Saved data entries
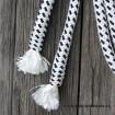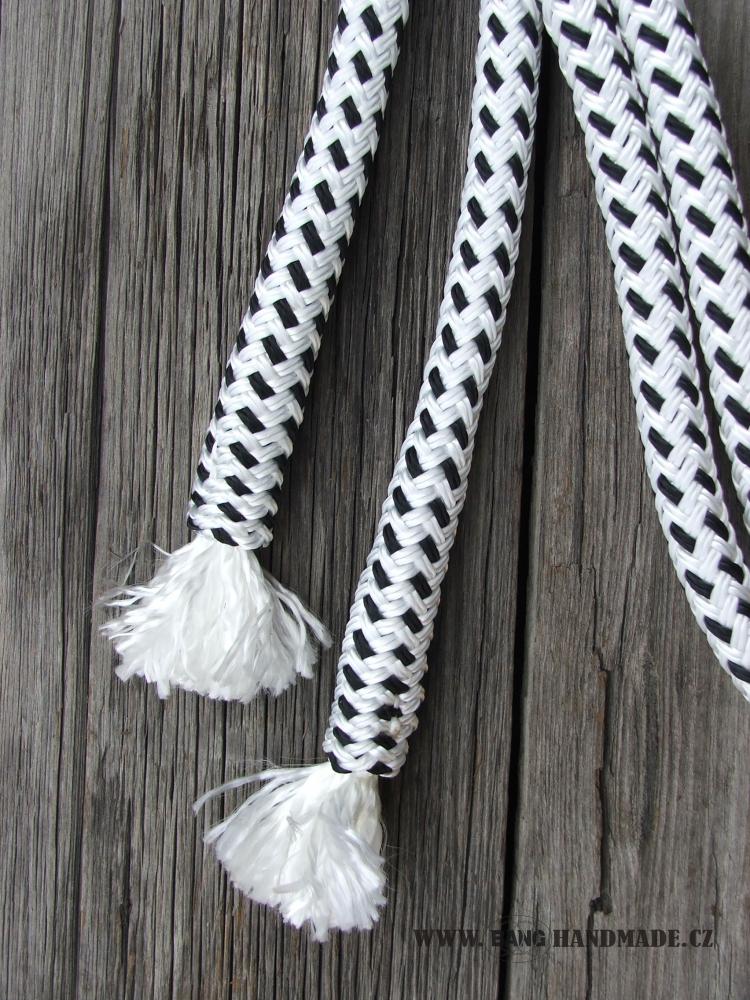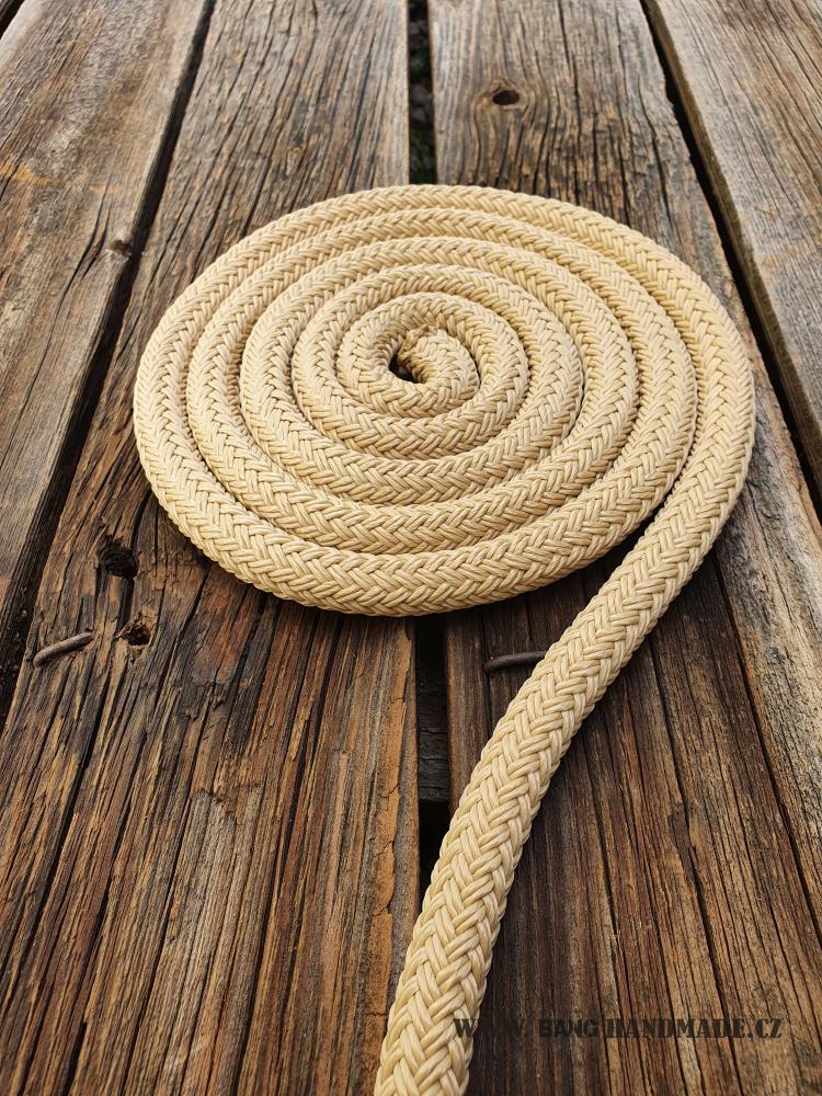 Materiál je z jachtového lana, které je osvědčené i při dlouhodobém používání. Lano netuhne, je pořád stále "živé" a ohebné, což Vám zaručuje kvalitní práci při výcviku. Při zašpinění můžete otěže vyprat ve vlažné vodě s pracím práškem.
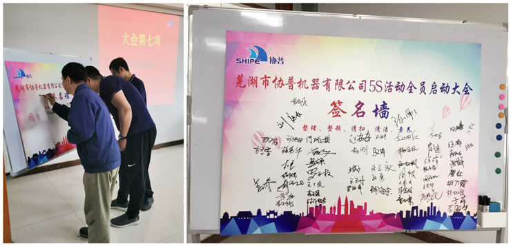 全員宣讀完誓詞后大會(huì)進(jìn)入最后一項(xiàng):簽名墻簽名。全體協(xié)普成員陸續(xù)上臺(tái)落款簽名,表達(dá)對(duì)公司”5S” 管理改善活動(dòng)會(huì)給予全力落實(shí)推進(jìn)。
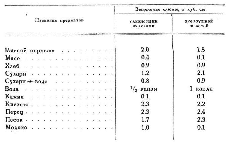 Теперь мы повторим все, выпишем результаты всех наших опытов и разберем все это разнообразие деятельности слюнных желез.
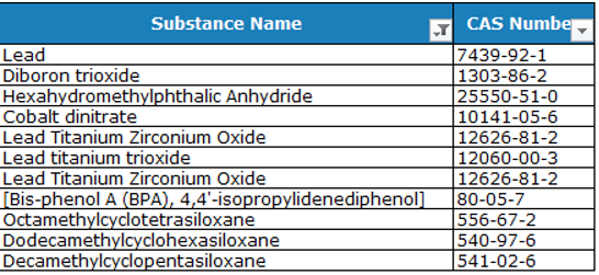 The list below includes substances of very high concern SVHCs known to date which are present in certain NIKO articles in concentrations above 0.1%. For these SVHCs SCIP notifications are submitted to ECHA under the Waste Framework Directive.
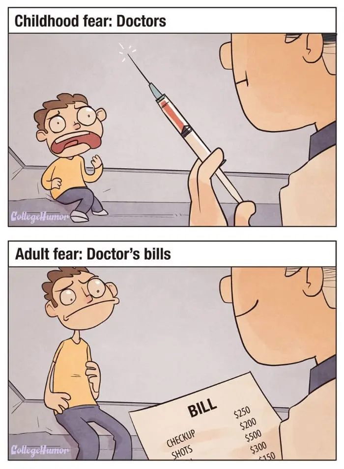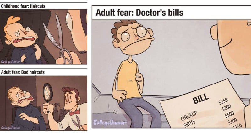When you’re a kid, you think you’ll grow up to be big and brave, and never be afraid of anything! However, as you get older you realise that there will always be things you’re afraid of, it’s just that your childhood fears are different from your adult fears. For instance, when you’re a child, you might be afraid of going to see the doctor in case they gave you a shot or some nasty medicine, but as an adult, the only thing scary about the doctor’s office is the huge bill you’re landed with as a result. So, check out these seven childhood fears versus adult fears, as drawn by Dave Mercier for College Humor.
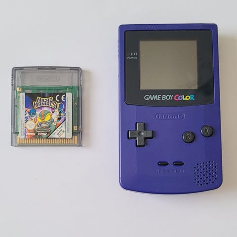 Sælger Game Boy Color i farvel Lilla, med spillet Duck Tales.
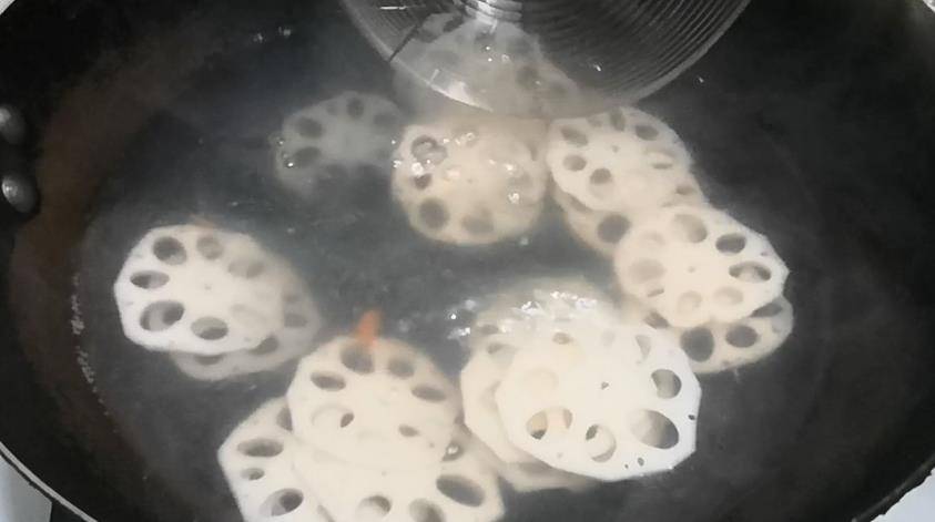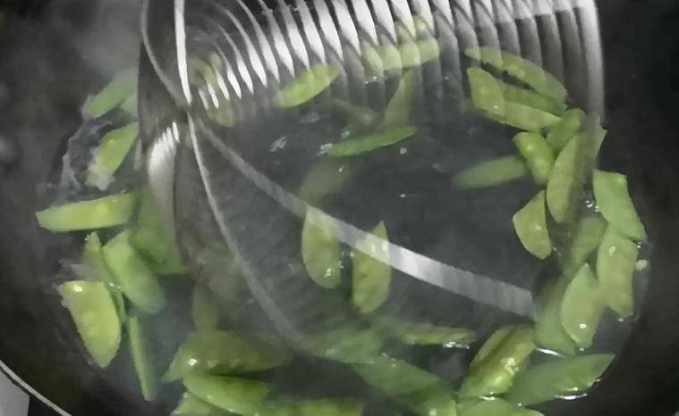 焯水后的藕片放入冷水中,藕片不会变色严重,而且口感清脆,最后下锅荷兰豆,焯水1分钟,然后捞出
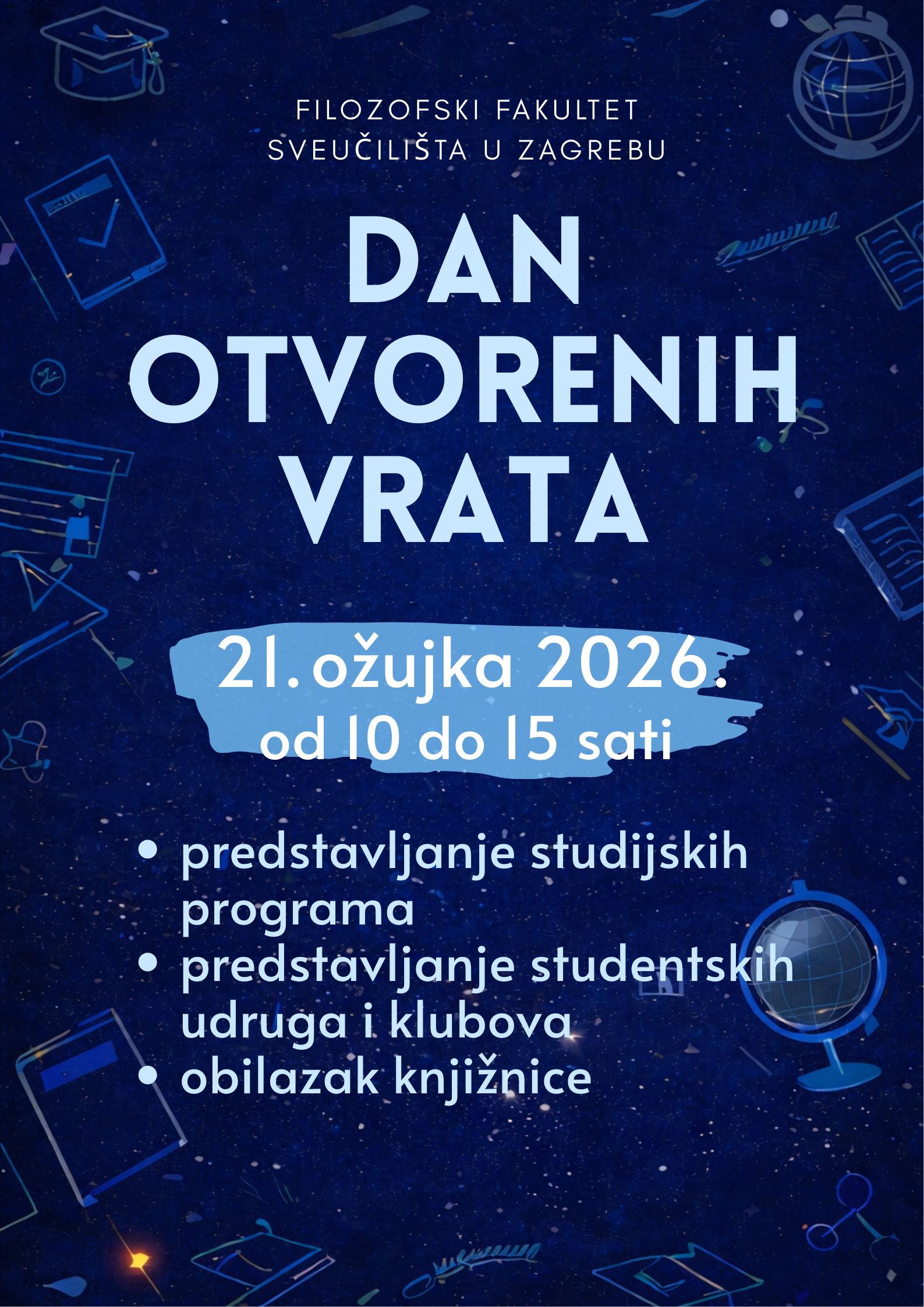 U subotu, 21. ožujka 2026. održat će se Dan otvorenih vrata Filozofskog fakulteta Sveučilišta u Zagrebu.
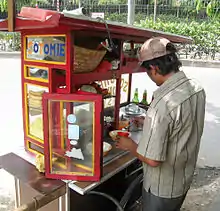 Indonesian street food is a collection of ready-to-eat meals, snacks, fruits and drinks sold by hawkers or vendors at warung food stalls or food carts. Street food in Indonesia is a diverse mix of local Indonesian, Chinese, and Dutch influences.[1] Indonesian street food are usually cheap, offer a great variety of food of different tastes, and can be found on every corner of the city.[2]
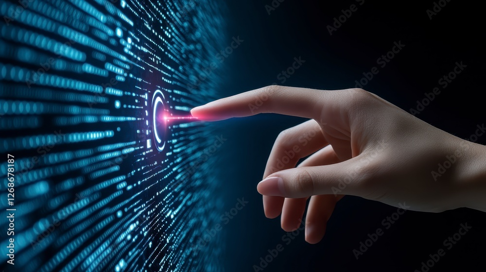 Wall mural close up of a hand interacting with a digital screen displaying blue and red binary code. the finger
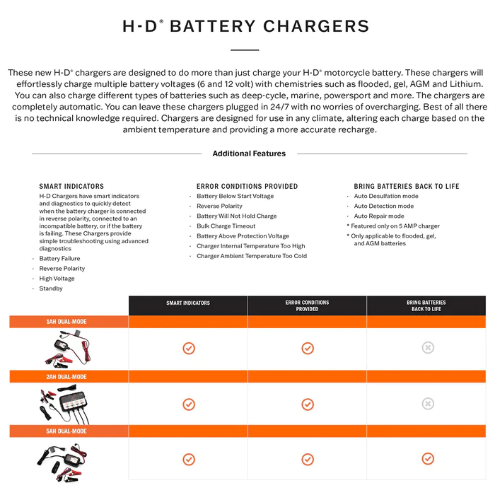 - Selectable charge options provide optimal charging for Harley-Davidson Lithium LiFe or AGM Lead-Acid batteries
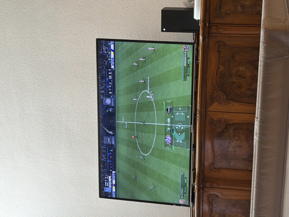 This image, captured in Eschau, France, depicts an indoor domestic scene. A large flat-screen television occupies the center, displaying a soccer video game in progress. The game scoreboard indicates "KOR 0 - 0 GRE" at "00:00". Virtual players, identifiable by green and white/red kits, are positioned on a striped green digital pitch. On-screen overlays show player names such as "10 LEUCHTER" and "BEERENSTEYN 10", alongside a tactical map in the lower center. To the right of the television, a black Xbox Series X console stands upright, adjacent to a smaller white electronic device. The television rests on a dark brown wooden credenza, which features multiple ornate carved panels across its front. The background consists of a light-colored, textured wall. The upper portion of a light brown, tufted sofa is visible in the immediate foreground.
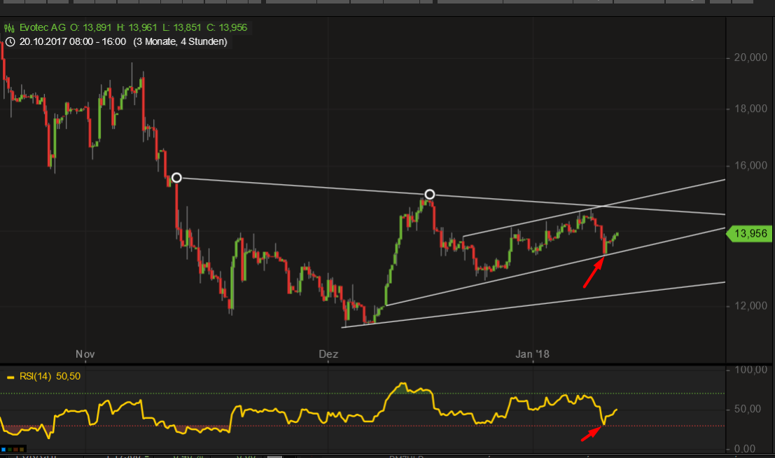 kl rückblick ...kw 1 ist nahe zu perfekt gelaufen ...wie bewiesen habe ich beim erwarteten downer gleich im neuen jahr eingekauft ..der dax ging in den 12,810 er bereich und bischen tiefer...und evo konnte ich zu 13,28 einkaufen (wie bewiesen9..dann entwickelt sich evo gem chart analyse und ich konnte paar gute trades machen auch beiwesen...
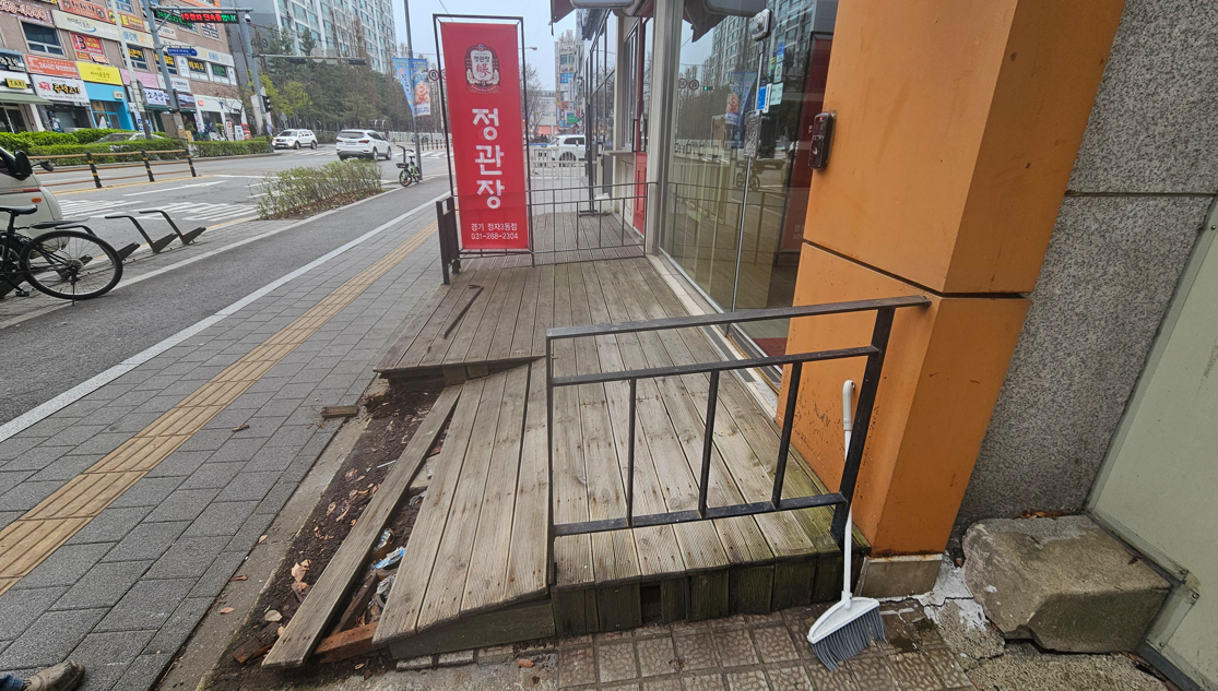 이번 현장은 상가 앞 바닥을 나무데크로
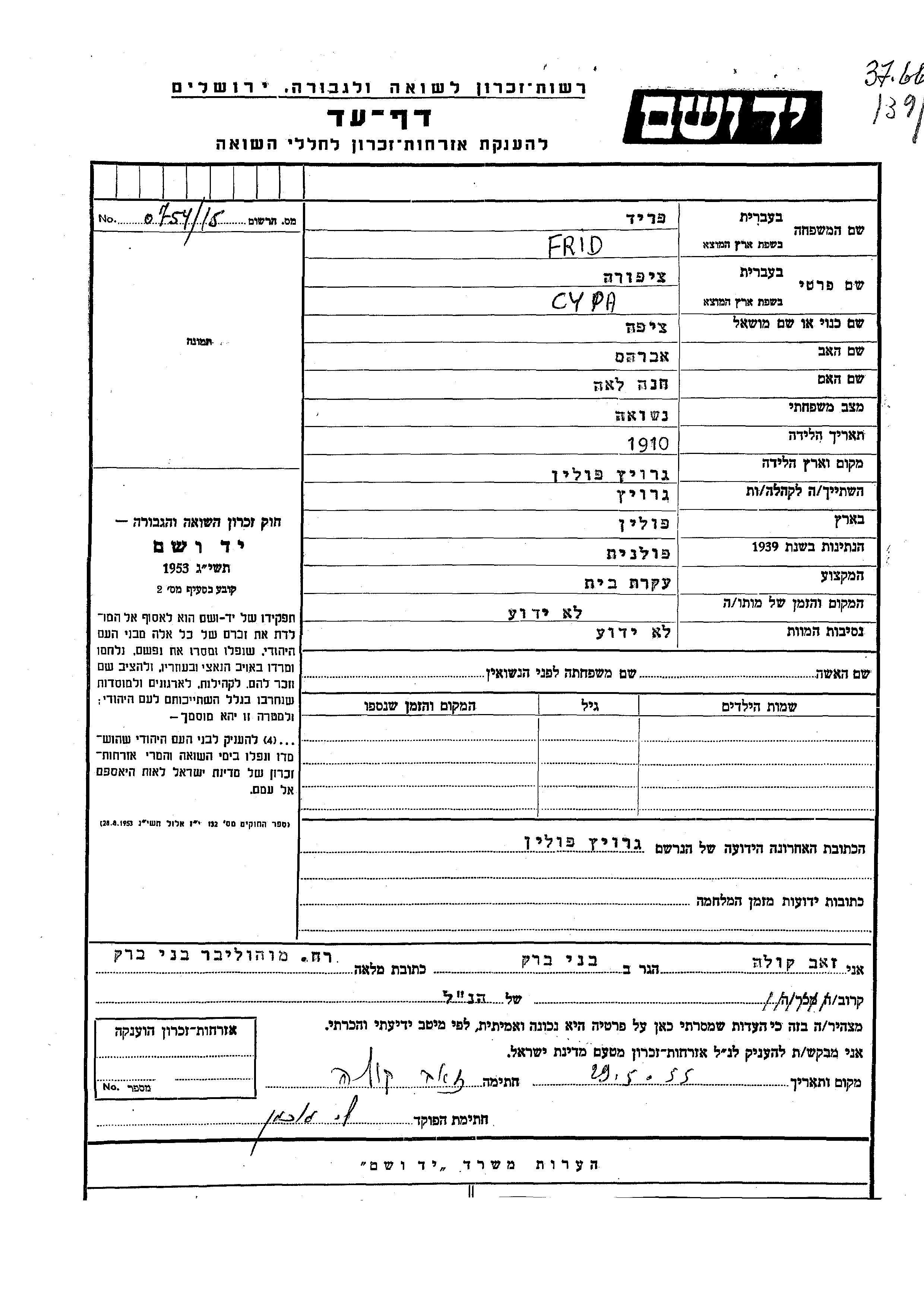 Ципа Фрид, место рождения: Груец, Польша. Отец: Авраам, mать:Хана Лея. Домохозяйка.

## WHAT YOU NEED TO DO
Reproduce, word for word, every line from the start of the records down to and including the line with "- Selectable charge"; skip the pictures.

## REPLY TO THE EXERCISE
 Materiál je z jachtového lana, které je osvědčené i při dlouhodobém používání. Lano netuhne, je pořád stále "živé" a ohebné, což Vám zaručuje kvalitní práci při výcviku. Při zašpinění můžete otěže vyprat ve vlažné vodě s pracím práškem.
 全員宣讀完誓詞后大會(huì)進(jìn)入最后一項(xiàng):簽名墻簽名。全體協(xié)普成員陸續(xù)上臺(tái)落款簽名,表達(dá)對(duì)公司”5S” 管理改善活動(dòng)會(huì)給予全力落實(shí)推進(jìn)。
 Теперь мы повторим все, выпишем результаты всех наших опытов и разберем все это разнообразие деятельности слюнных желез.
 The list below includes substances of very high concern SVHCs known to date which are present in certain NIKO articles in concentrations above 0.1%. For these SVHCs SCIP notifications are submitted to ECHA under the Waste Framework Directive.
When you’re a kid, you think you’ll grow up to be big and brave, and never be afraid of anything! However, as you get older you realise that there will always be things you’re afraid of, it’s just that your childhood fears are different from your adult fears. For instance, when you’re a child, you might be afraid of going to see the doctor in case they gave you a shot or some nasty medicine, but as an adult, the only thing scary about the doctor’s office is the huge bill you’re landed with as a result. So, check out these seven childhood fears versus adult fears, as drawn by Dave Mercier for College Humor.
 Sælger Game Boy Color i farvel Lilla, med spillet Duck Tales.
 焯水后的藕片放入冷水中,藕片不会变色严重,而且口感清脆,最后下锅荷兰豆,焯水1分钟,然后捞出
 U subotu, 21. ožujka 2026. održat će se Dan otvorenih vrata Filozofskog fakulteta Sveučilišta u Zagrebu.
 Indonesian street food is a collection of ready-to-eat meals, snacks, fruits and drinks sold by hawkers or vendors at warung food stalls or food carts. Street food in Indonesia is a diverse mix of local Indonesian, Chinese, and Dutch influences.[1] Indonesian street food are usually cheap, offer a great variety of food of different tastes, and can be found on every corner of the city.[2]
 Wall mural close up of a hand interacting with a digital screen displaying blue and red binary code. the finger
 - Selectable charge options provide optimal charging for Harley-Davidson Lithium LiFe or AGM Lead-Acid batteries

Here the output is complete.